Ze paren elk jaar van januari tot februari. De mannetjes zijn in die tijd heel agressief en proberen dan dubbel zo hard om een extra groot territorium te bemachtigen. De draagtijd is 50 tot 53 dagen, de bevalling is in maart en er zijn 2 tot 4 jongen per keer. De jongen wegen bij de geboorte slechts 50 gram. Na twee weken gaan de oogjes open en na een week of vier beginnen de jonge vosjes in het hol te spelen. Na 5 weken verlaten ze voor het eerst het hol. Pas na drie maanden worden de jongen gespeend. 

Voor én na de bevalling zorgt het mannetje voor voedsel. Mannetjes en vrouwtjes vormen paartjes voor het leven. Als woestijnvossen in gevangenschap leven dan paren ze amper en worden er ook bijna geen jongen geboren. 

Woestijnvossen zijn na 6-9 maanden geslachtsrijp en ze kunnen zo'n 12 jaar oud worden.

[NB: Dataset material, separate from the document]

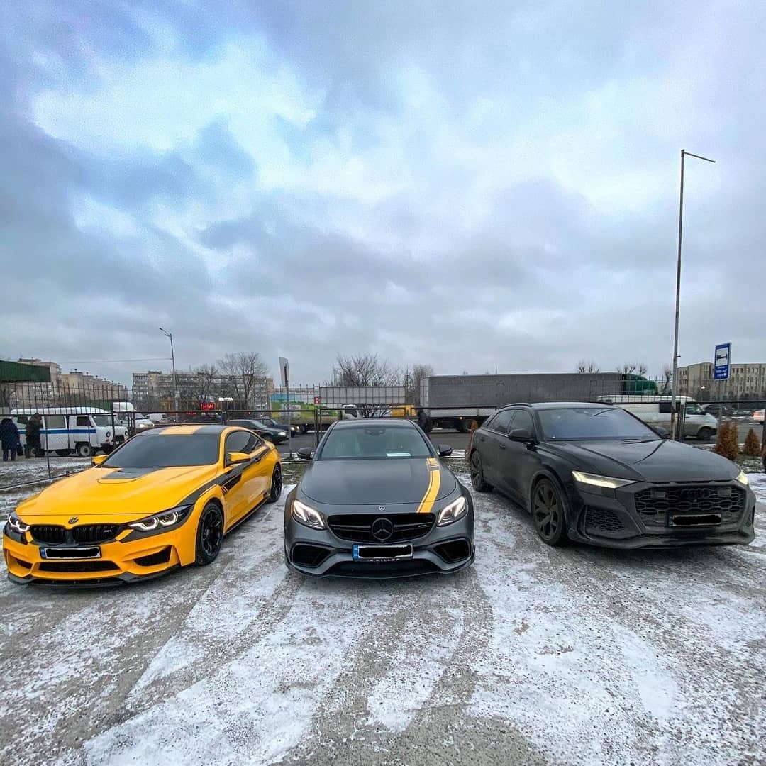На вулиці столиці стояли BMW M4 Coupе, Mercedes-AMG E 63 S 4MATIC + (W213) і Audi RS Q8.
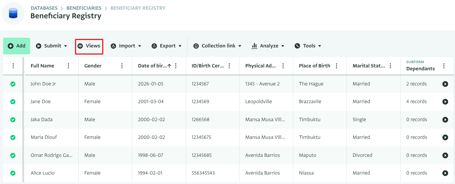 - Navigate to the Table View of your Form and click on 'Views'.

  • Woestijnvossen zijn hondachtigen en hijgen dus ook als ze het warm hebben. Door de grote oren kan de fennek een ander dier op 1,5 km afstand horen bewegen of zelfs een prooi onder het zand horen.
  • De naam woestijnvos is de bijnaam van de Duitse veldmaarschalk Erwin Rommel.
  • Woestijnvossen kunnen met wat aandacht wel als huisdier worden gehouden. In Nederland is dat echter voor wildvangdieren niet toegestaan. Ze kunnen erg tam worden en zijn dan ook vriendelijk tegen vreemden. Ze kunnen ook leren op een bak te gaan. Hun dag-nachtritme zullen ze enigszins aanpassen aan hun baasje , Fenneks kunnen met wat aandacht wel als huisdier worden gehouden. Dit is in Nederland sinds 2017 toegestaan; bij nakweek moet men dit kunnen aantonen. Ze kunnen erg tam worden en zijn dan ook vriendelijk tegen vreemden. Ze kunnen leren op een bak te gaan. Hun dag-nachtritme zullen ze enigszins aanpassen aan hun baasje. Ze gedijen op een zeer eiwitrijk dieet kattenbrokken, liefst aangevuld met insecten zoals meelwormen; ze zijn vatbaar voor de meeste hondenziekten en dienen daartegen ook te worden gevaccineerd. Ze zijn erg actief en hebben veel beweging nodig.